With the Summer ’10 release, we have added the ability to retrieve the original data that you send in a Bulk API batch. We keep this data around for 7 days just as we keep the job info, batch info and batch result files.
Because you can now directly retrieve the original data, it has become easier to do things like building a CSV file of all records with errors. You can do this without keeping track of the mappings between the original data set and the batches you submitted to the job.
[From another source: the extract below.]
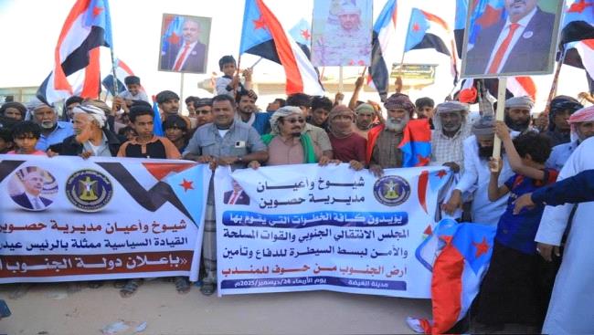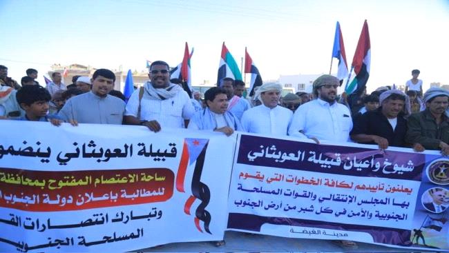 وأضاف الشيخ باكريت أن انضمام ابناء حصوين والعوبثاني إلى ساحة الاعتصام الشعبي ماهو إلا تجديد لمطالبهم في الإسراع بإعلان دولة الجنوب العربي والاستجابةً للإرادة الشعبية الحرة التي عبّرت عنها الجماهير في الساحات.

Here is a very simple Java sample showing how you can do this:
You’ll need wsc-19 and a v19 partner jar to run it. Currently the WSC site doesn’t have the partner jar, but you can compile it yourself using WSC and a downloaded partner WSDL file from your org.
- Download a partner WSDL file by logging into your org and go to Setup -> Develop -> API -> Partner WSDL.
- Run something like: java -cp wsc-19.jar com.sforce.ws.tools.wsdlc `pwd`/partner.wsdl `pwd`/partner-19.jar
- Compile the class above and execute it with: java -cp wsc-19.jar:partner-19.jar GetErrors [sfdc_username] [sfdc_password] [jobId]
- The errors will be downloaded into errors.csv. The last column in the file will contain the error message for each row.
Disclaimer: I hacked this together pretty quickly and I haven’t done much testing. This is just meant as an example. If you put this into use, make sure you review and test your code thoroughly.
Also, note that the records will not be ordered the same way as in your original data set.